RECORD EXTRACTS >>
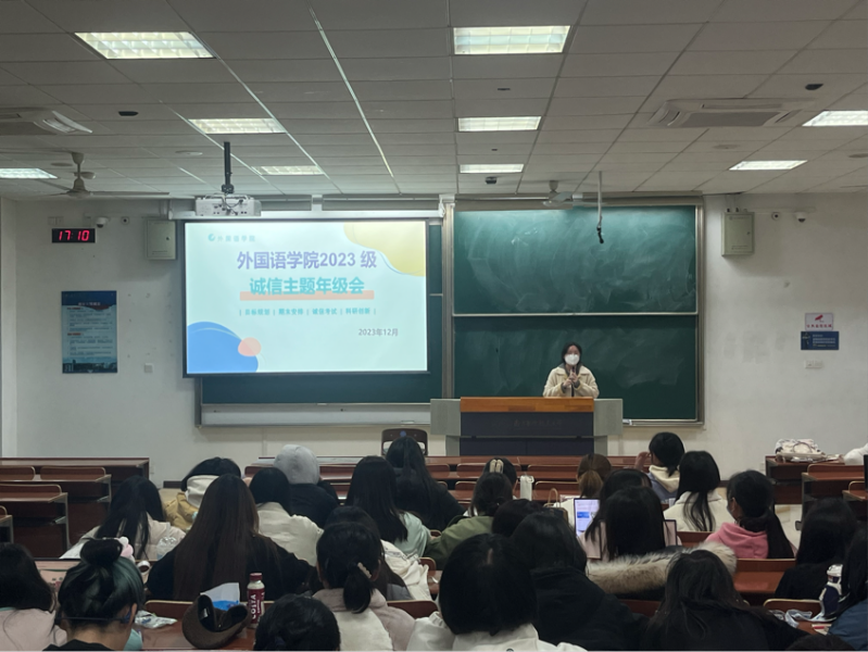 为进一步加强考风考纪教育,增强同学们的诚信意识,并帮助同学们更好迎接即将到来的期末考试,12月7日下午,外国语学院2023级诚信主题年级会暨“榜样 对话”分享会在D3102举行。年级会由本科生辅导员彭欢、兼职辅导员朱芷苑主持,榜样代表王雅琪、朱丹、徐姝分享经验,2023级全体本科生参加。
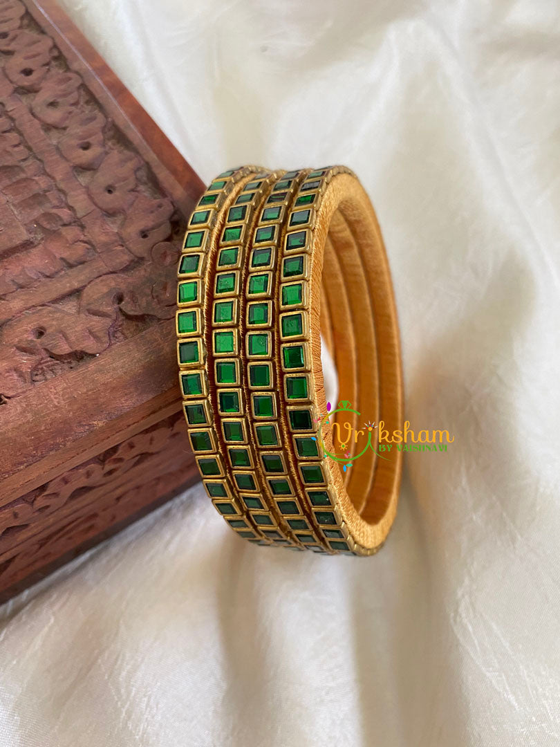 Thin Silk Thread Kundan Bangle -Dark Green-G6080
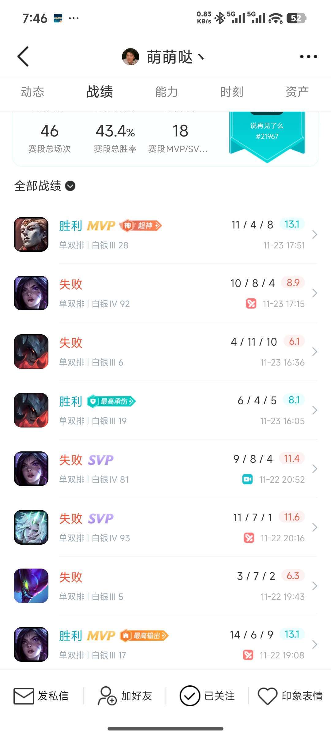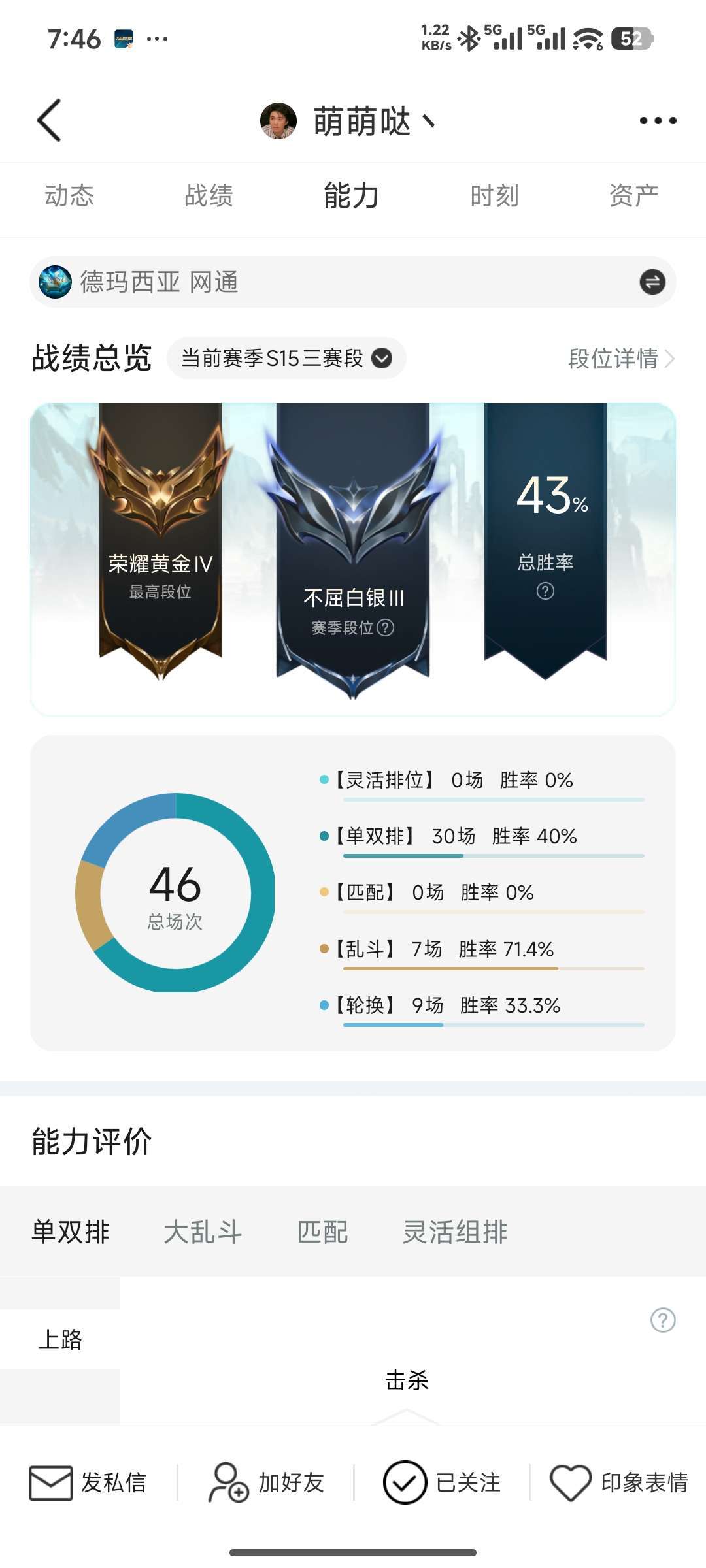 段位:115级 不屈白银III
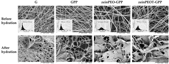 The pore analysis revealed pore sizes of 3.0 µm ± 2.3 µm (G), 9.2 µm ± 4.9 µm (GPP), 36.2 µm ± 6.8 µm (zeinPEO-GPP) and 26.3 µm ± 4.7 µm (zeinPEOT-GPP) for the different samples after 24 h of hydration.
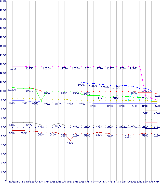 CPU主要製品(最安値1万円未満)の最安値推移↑前グラフ↓次グラフ(2010年11月26日〜2011年6月10日)※このグラフは過去のデータも税率5%相当に調整した税込み相当額のグラフです。凡例Core i3-2100 (3.1GHz,TDP 65W)Phenom II X2 565 Black Edition (3.4GHz,L2 512KB×2,L3 6MB)Athlon II X4 645 (3.1GHz,L2 512KB×4,TDP 95W)Athlon II X4 615e (2.5GHz,L2 512KB×4,TDP 45W)Phenom II X4 905e (2.5GHz,L2 512KB×4,L3 6MB,TDP 65W)Phenom II X2 560 Black Edition (3.3GHz,L2 512KB×2,L3 6MB)Athlon II X4 640 (3.0GHz,L2 512KB×4,TDP 95W)Pentium G850 (2.9GHz,TDP 65W)Pentium G840 (2.8GHz,TDP 65W)Pentium G620T (2.2GHz,TDP 35W)Athlon II X2 265 (3.3GHz,L2 1MB×2,TDP 65W)Pentium G620 (2.6GHz,TDP 65W)Athlon II X2 260 (3.2GHz,L2 1MB×2,TDP 65W)Athlon II X2 255 (3.1GHz,L2 1MB×2,TDP 65W)※製品名をクリックすると個別のグラフを表示します※点線部は販売店が確認できなかった、または調査データがないことを示します
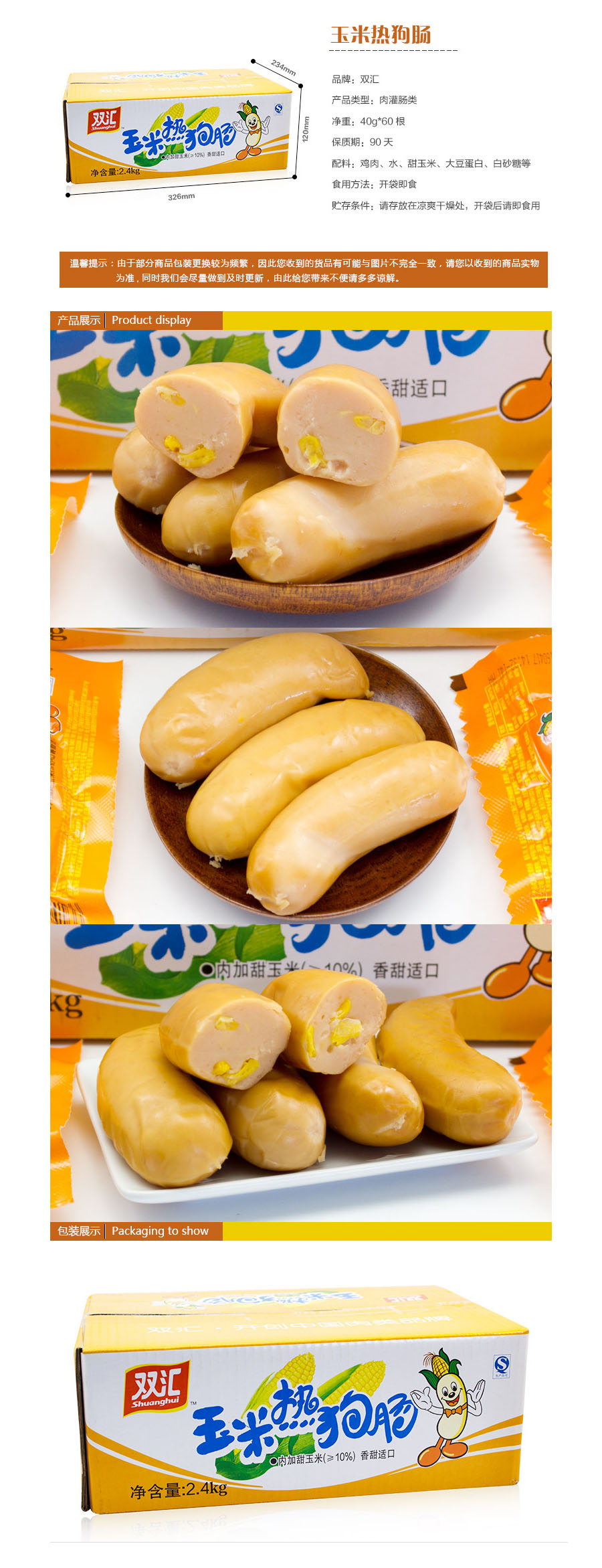 品名:双汇 玉米肠 40g*60支
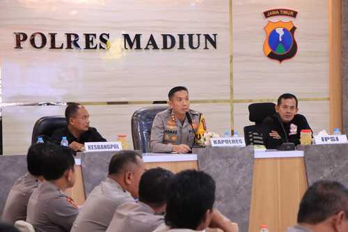 Menjelang pelaksanaan pengesahan warga baru IKS PI Kera Sakti, Polres Madiun menggelar Rapat Koordinasi lintas sektor yang dipimpin Kapolres Madiun AKBP Kemas Indra Natanegara, SH SIK MSi, bertempat di Gedung Tantya Sudhirajati Mapolres Madiun, Selasa (22/7).
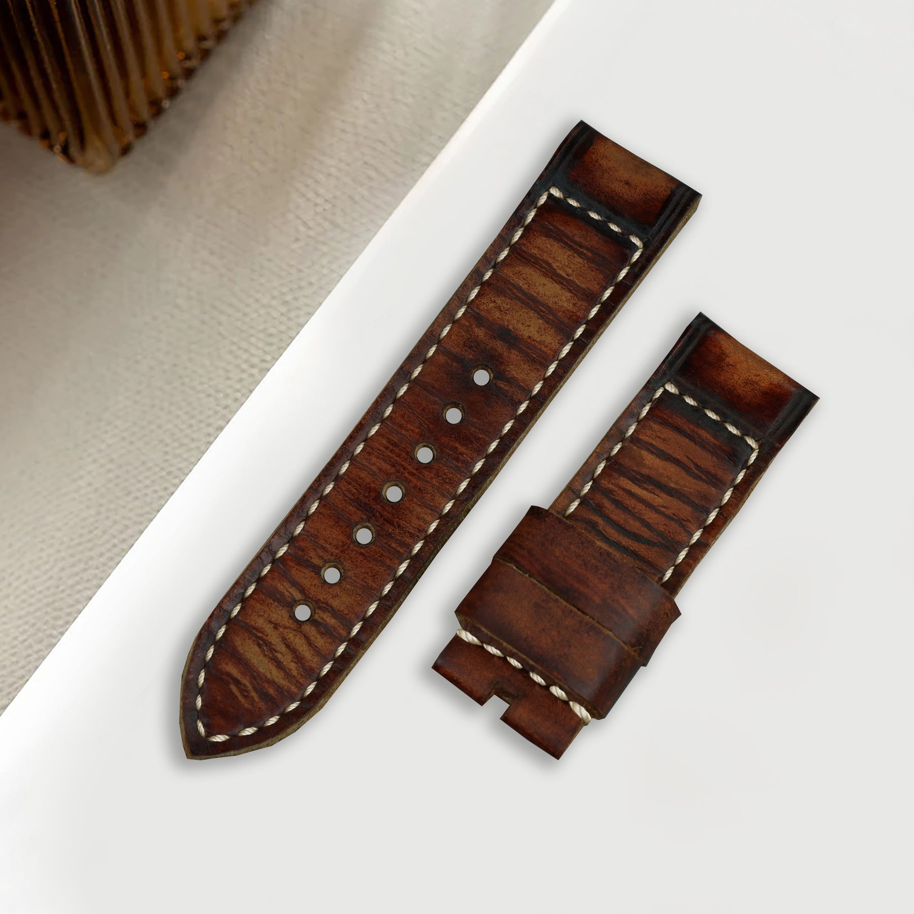 Several lacquers are then added by hand to achieve an antiquated patina, meaning each strap will be unique in character and will age wonderfully with wear.
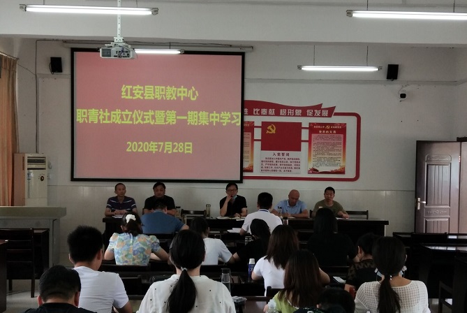 清风网讯(通讯员:梁小友)7月28日下午,红安职教中心举行职青社开班仪式并开展第一期集中学习,校党委成员、职青社成员共30人参加,副校长阮祥坤举行开班仪式。
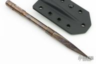 This Kuba-Shank by Thompson Knife and Tool features a triangle shaped blade with anodized finished blade and body with ball bearing in the end. Comes with a kydex sheath with Ulti-Clip. Excellent condition.
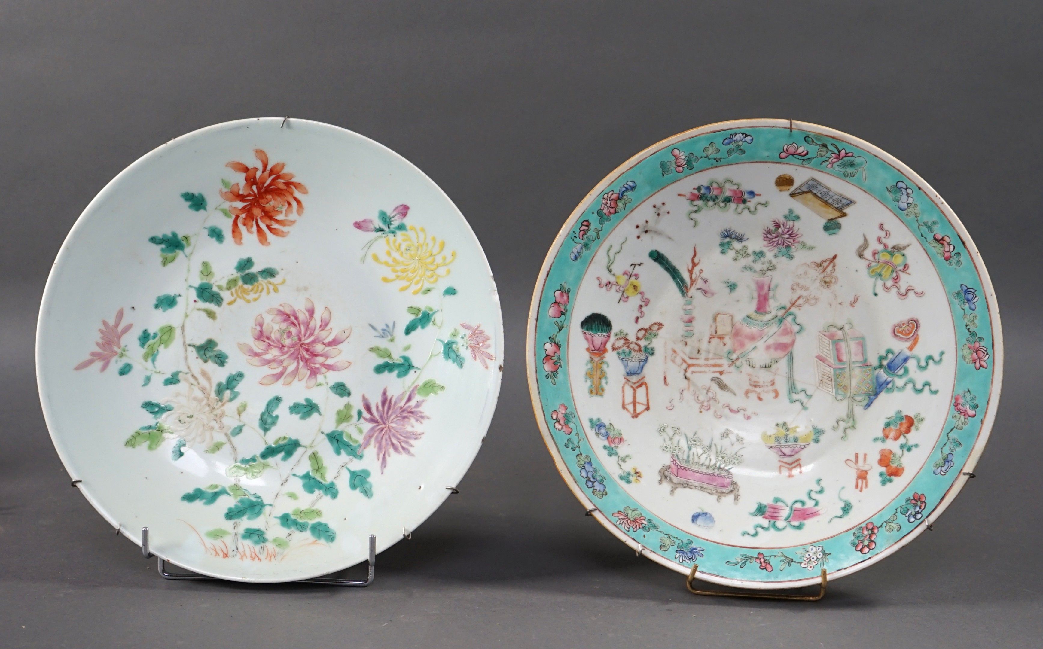 CHINA. Two polychrome enamelled porcelain plates, one decorated with peonies, the other with hospitable symbols. Diam. 35 cm. Cracks and chips.

ASSIGNMENT >> Beginning with the line that holds "This Kuba-Shank by", return each line through the end of the records above exactly. Do not include pictures.

RESULT OF THIS TASK >>
 This Kuba-Shank by Thompson Knife and Tool features a triangle shaped blade with anodized finished blade and body with ball bearing in the end. Comes with a kydex sheath with Ulti-Clip. Excellent condition.
 CHINA. Two polychrome enamelled porcelain plates, one decorated with peonies, the other with hospitable symbols. Diam. 35 cm. Cracks and chips.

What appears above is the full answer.